To find the test statistic for testing the claim that the standard deviation of all phone calls on a pay phone is less than 2.9 minutes, we will use the chi-squared test statistic for variance.
-
Set up the hypotheses:
- Null hypothesis (H0): \( \sigma \geq 2.9 \) (the standard deviation is 2.9 minutes or greater)
- Alternative hypothesis (H1): \( \sigma < 2.9 \) (the standard deviation is less than 2.9 minutes)
-
Calculate the test statistic: The test statistic for the chi-squared test for variance is given by: \[ \chi^2 = \frac{(n - 1) s^2}{\sigma_0^2} \] Where:
- \( n \) = sample size = 40
- \( s \) = sample standard deviation = 2.6
- \( \sigma_0 \) = hypothesized population standard deviation = 2.9
First, calculate \( s^2 \) (the sample variance) and \( \sigma_0^2 \) (the hypothesized variance): \[ s^2 = (2.6)^2 = 6.76 \] \[ \sigma_0^2 = (2.9)^2 = 8.41 \]

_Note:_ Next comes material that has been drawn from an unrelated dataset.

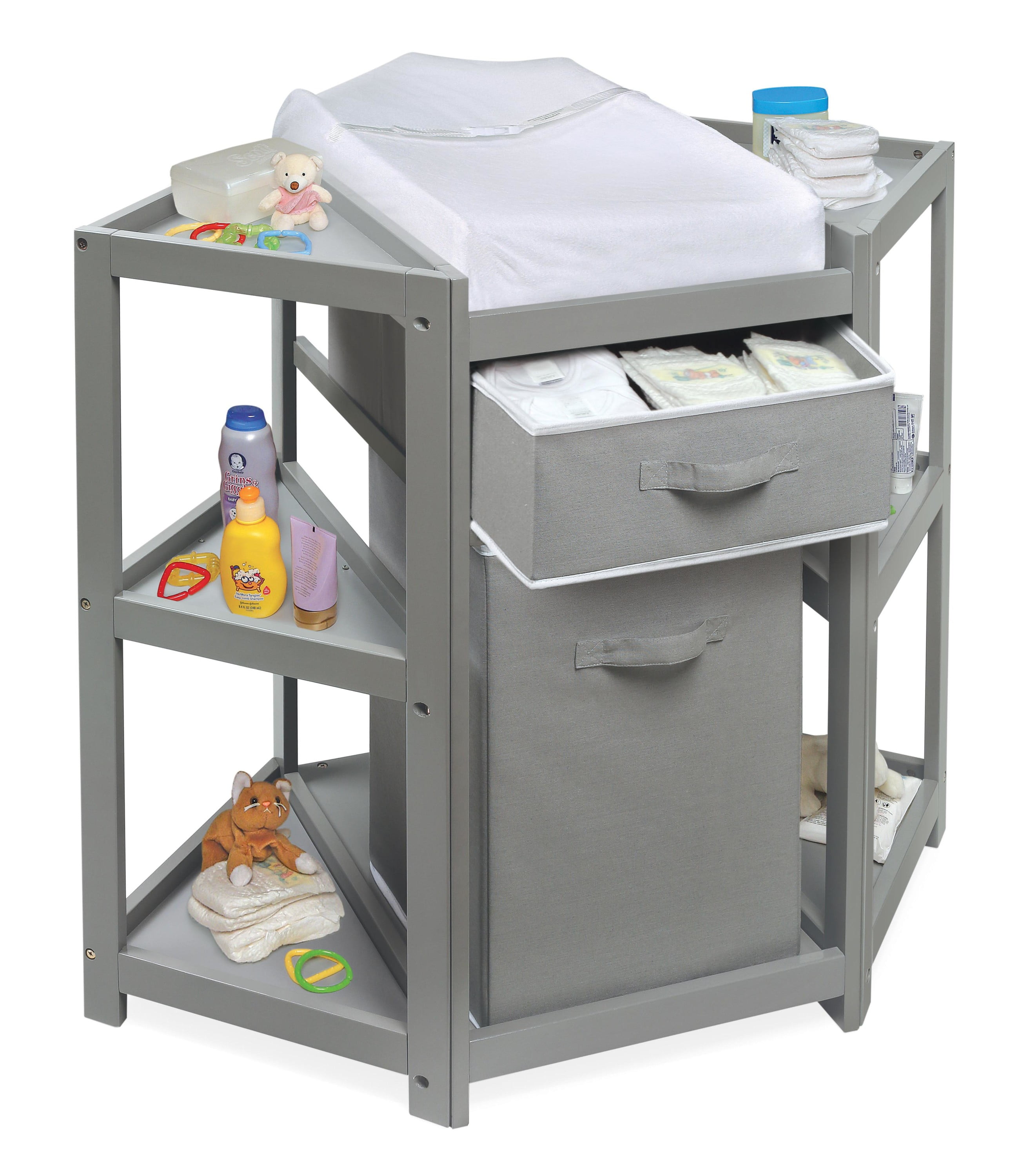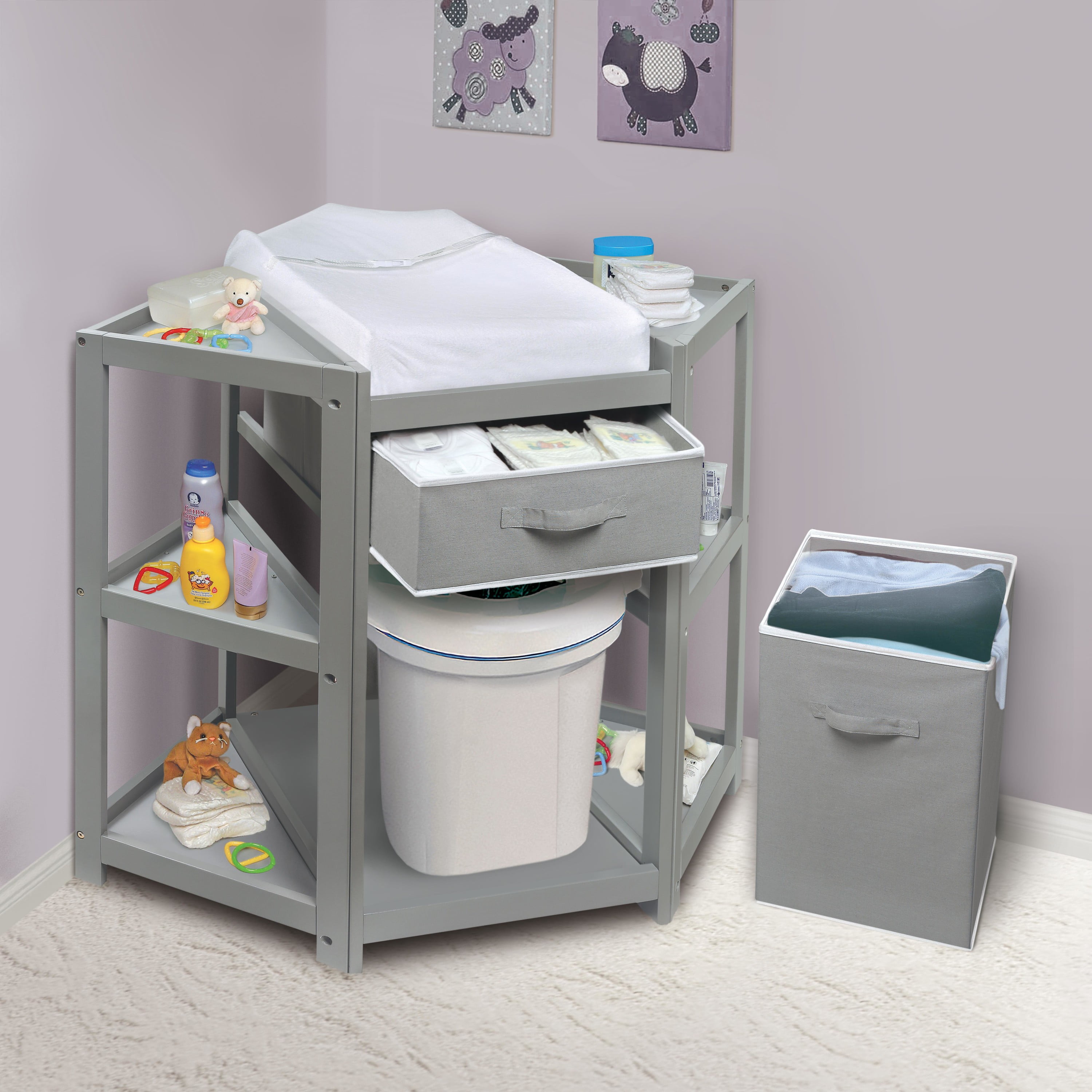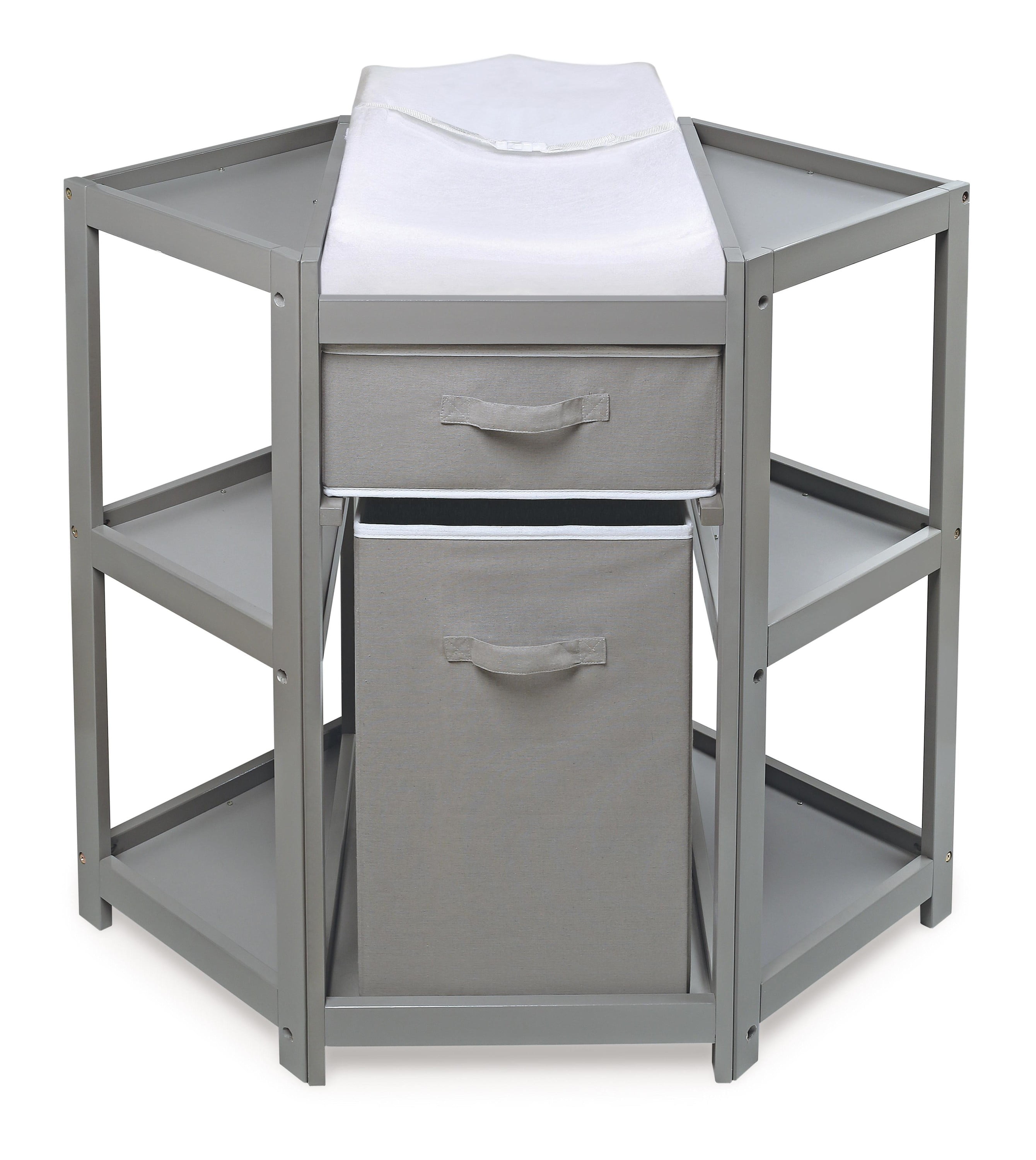 Badger Basket Diaper Corner Baby Changing Table with Hamper and Basket – Gray
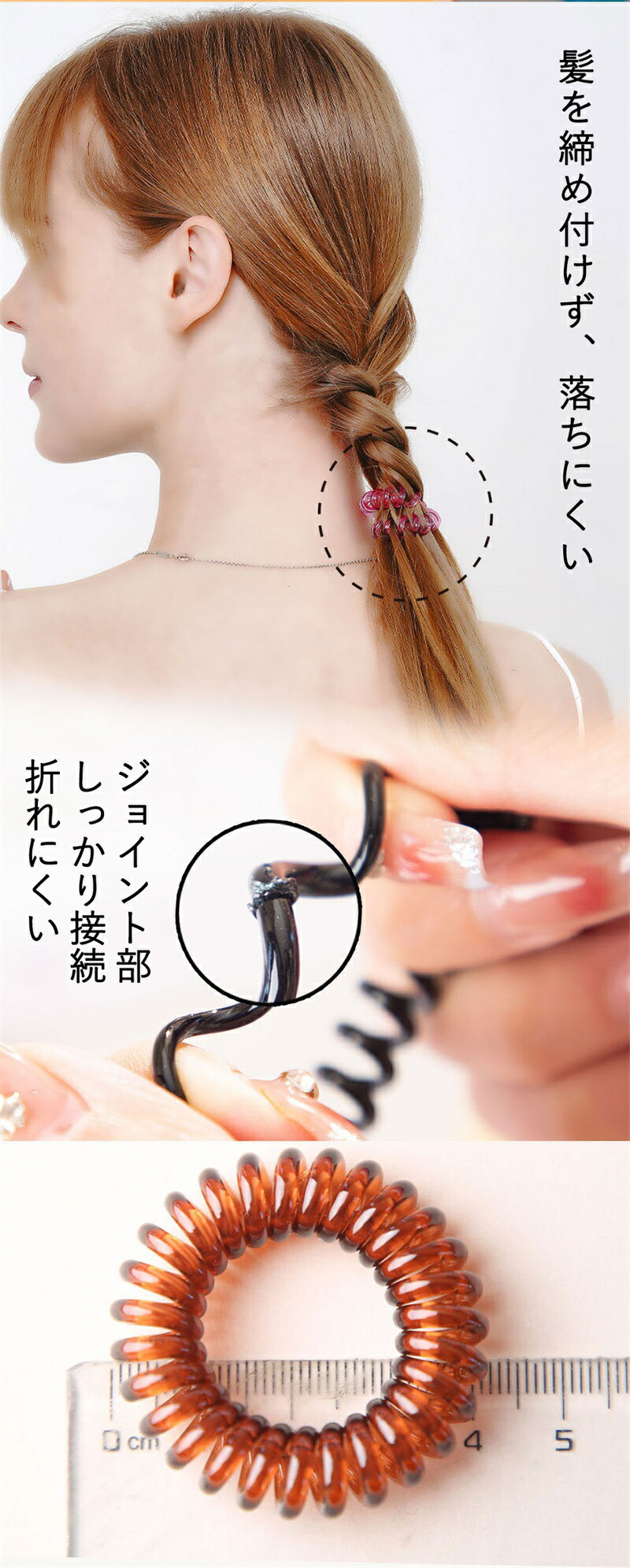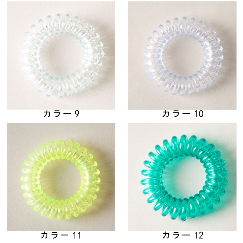 スプリングヘアゴム レディース 髪飾り 髪留め ヘアアクセサリー 跡がつきにくい ヘアアレンジ まとめ髪 透明 クリア シンプル 手首 ロッカーキー コイルキーホルダー コイルブレスレット型 コイル

Now substitute these values into the test statistic formula: \[ \chi^2 = \frac{(40 - 1) \cdot 6.76}{8.41} \] \[ \chi^2 = \frac{39 \cdot 6.76}{8.41} \] \[ \chi^2 = \frac{263.64}{8.41} \] \[ \chi^2 \approx 31.35 \quad (rounding to two decimals) \]
-
Conclusion: The calculated chi-squared statistic is approximately 31.348.
Thus, the answer is:
B) 31.348